We conducted a prospective, community-based cohort study of Dallas Heart Study participants who underwent PWV and CAC measurement. eGFR was calculated using the 4-variable MDRD formula. The primary outcome of composite kidney events after 7 years of follow-up was incident chronic kidney disease (CKD) (albuminuria or eGFR <60 mL/min/1.73 m2) or a decrease in eGFR >2.5 mL/min/1.73 m2 per year. Secondary outcomes were CV events (myocardial infarction, stroke, coronary revascularization, and CV death) and death at a median follow-up of 13 years. Associations with composite kidney events and CV events and death were measured using logistic and Cox Proportional Hazards regression, respectively.

Results

A total of 2,062 participants had a mean age 45±9.3 years, 56% were female, 47% were African American, 10% had diabetes mellitus, and 7% had CKD at baseline. There were 187 kidney events, 177 CV events, and 165 deaths. Log transformed CAC taken continuously was associated with composite kidney events, aOR (95% CI), 1.16 (1.06, 1.27), CV events, aHR (95% CI) 1.38 (1.27, 1.51), and death, aHR (95% CI) 1.19 (1.10, 1.29) (Figure).
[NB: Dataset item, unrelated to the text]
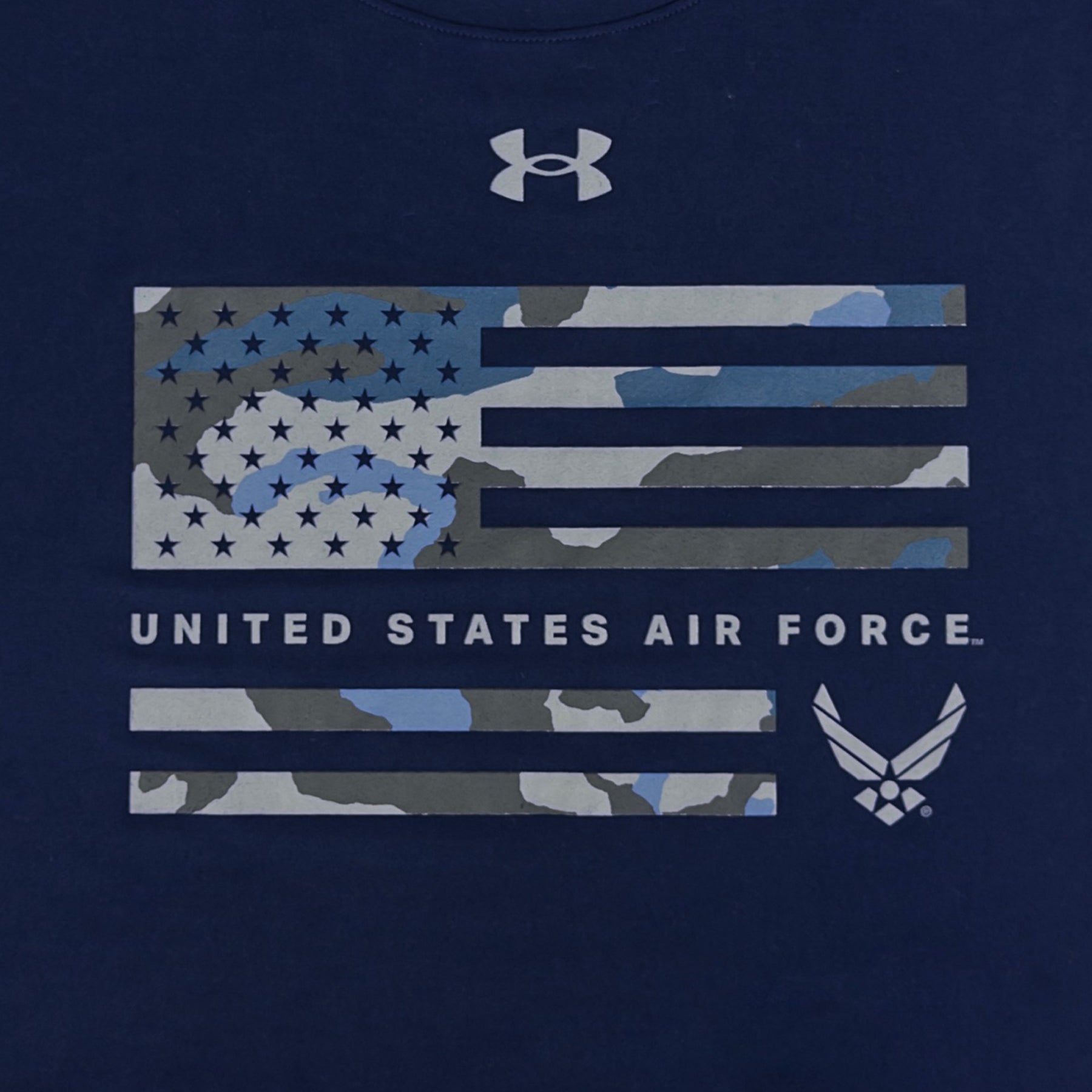 Freshen up you gear with the United States Air Force Under Armour Camo Flag Tech T-Shirt

CAC ≥100 Agatston units was associated with CV events, aHR (95% CI), 2.21 (1.49, 3.28) and death, aHR (95% CI) 2.30 (1.57, 3.37), but not kidney events. PWV taken continuously or in tertiles was not associated with kidney events, CV events, or death.

Conclusion

CAC, but not PWV, was independently associated with CKD incidence and progression, CV events, and death. These results suggest that CAC may be a useful tool to predict clinically meaningful early kidney outcomes in addition to CV events and death.